3.49      Cotton Australia further argued that "those who are concerned that these changes to Section 106 may somehow take away from the integrity of the Plan, should take comfort in the fact that the Bill provides significant safeguards," which include:

protections that ensure the revenue from sale of Commonwealth Environmental Entitlements can only be used to purchase other entitlements;

the revenue from sales of both entitlements and allocations cannot be used to pay fees and charges; and

sales can only occur if the Long-Term Average Diversion Limit conditions have been met.[50]

Payment of fees and charges

3.50      Several submitters commented on the issue of the proceeds of trade being used to pay fees and charges.

3.51      Under the amendments proposed by subsection 106(4) the proceeds of trade could not be used to pay fees and charges for holding and delivering Commonwealth environmental water.

3.52      The amendment, which is consistent with Recommendation 15 of the Water Act Review, is designed to ensure that the CEWH's operating costs continue to be met from Commonwealth consolidated revenue, rather than from the sale of Commonwealth environmental water holdings.[51]

3.53      The CEWH's submission noted that the bill clarifies that 'environmental activities' do not include statutory fees and charges for holding and delivering water. Further, CEWH told the committee that:

Fees and charges are recurring, non-discretionary and a large ongoing expense. Selling water to cover these fees would require the sale of large volumes of allocations without reciprocal environmental benefits. This would reduce the capacity to meet the environmental objectives of the Water Act and Basin Plan.

It would also require the Commonwealth Environmental Water Holder to approach the water market with the objective of raising significant amounts of revenue, which due to the scale of the requirement would be likely to cause negative impacts for some market participants.

Importantly, the Commonwealth Environmental Water Holder will continue to pay the same fees and charges as other water holders, consistent with existing arrangements.[52]

3.54      The RGA submitted that the CEWH should be provided with the flexibility to use trade proceeds to fund the water charges it incurs. It was noted that these charges are currently funded by tax payers, and it was argued that providing the CEWH with the flexibility to use the funds for its water charges:

... would mean that the Commonwealth government is able to divert these tax payer funds to another purpose if need be. This prospect may be important for the Commonwealth in a tight fiscal year.[53]

Committee comment

3.55      The committee notes that – under Section 253 of the Water Act 2007, an independent review of the operation of the Water Act (and the extent to which it has achieved its objectives) has been conducted.

3.56      The committee also notes that in conducting the Water Act Review, the panel consulted with a large number of stakeholders.
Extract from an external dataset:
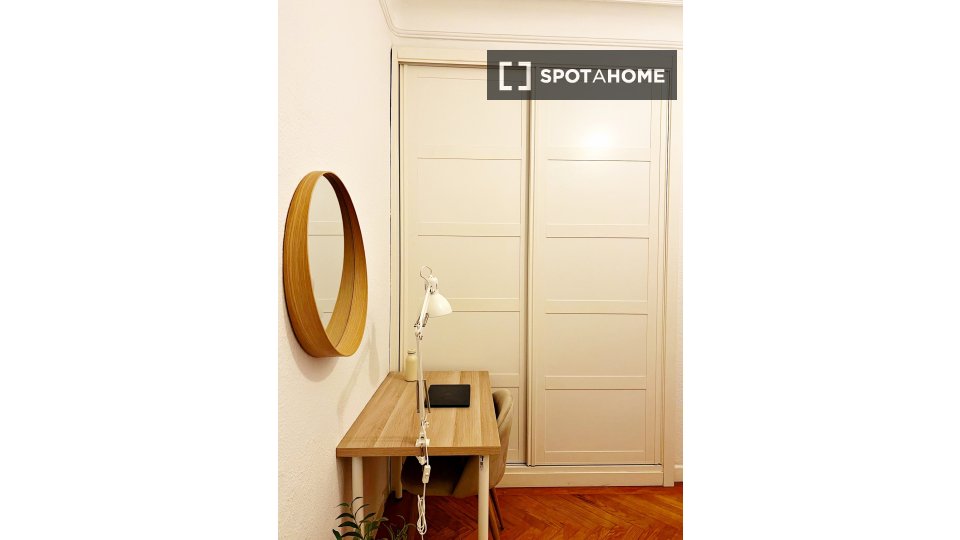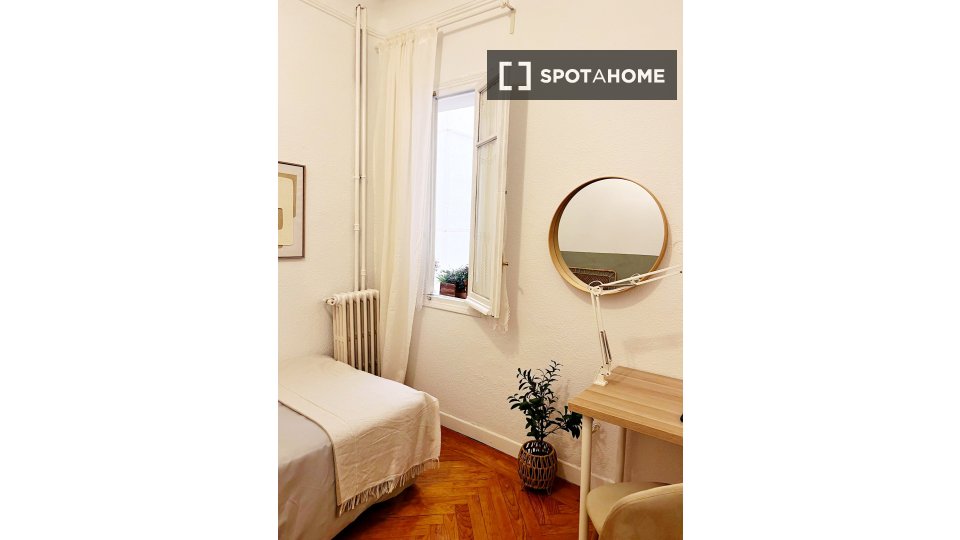 Explora esta acogedora habitación en un piso compartido de 6 habitaciones en Fuente del Berro, Madrid. Ideal para profesionales, estudiantes y parejas, esta propiedad exterior cuenta con muebles, cocina equipada con lavavajillas y horno, calefacción central y verificación de Spotahome para tu tranquilidad. Los gastos de agua, luz, gas y wifi están incluidos, lo que la convierte en una opción ideal para los habitantes de la ciudad.

The committee is aware that the panel received more than 70 submissions over the course of its review and consulted with a large number of key stakeholders – including state and territory governments, and organisations across the irrigation, environment, community and indigenous sectors.

3.57      The committee sees as significant the fact that the Water Act Review made 23 recommendations – the majority of which were accepted in the Government's response – with Recommendations 9 and 21 being agreed to in part.

3.58      Finally, the committee notes that a number of the organisations which submitted to its inquiry into the bill indicated that they had both been consulted and were actively involved during the Water Act Review.

3.59      The committee specifically notes the concerns raised by a number of organisations in relation to the amendments proposed under Item 27 (Section 106). However, the committee also notes the safeguards that have been included in Section 105 of the bill and concludes that they will be sufficient to protect the interests of all stakeholders.

3.60      The committee therefore recommends that the bill be passed.

Recommendation 1

3.61      The committee recommends that the Senate pass the Water Amendment (Review Implementation and other Measures) Bill 2015.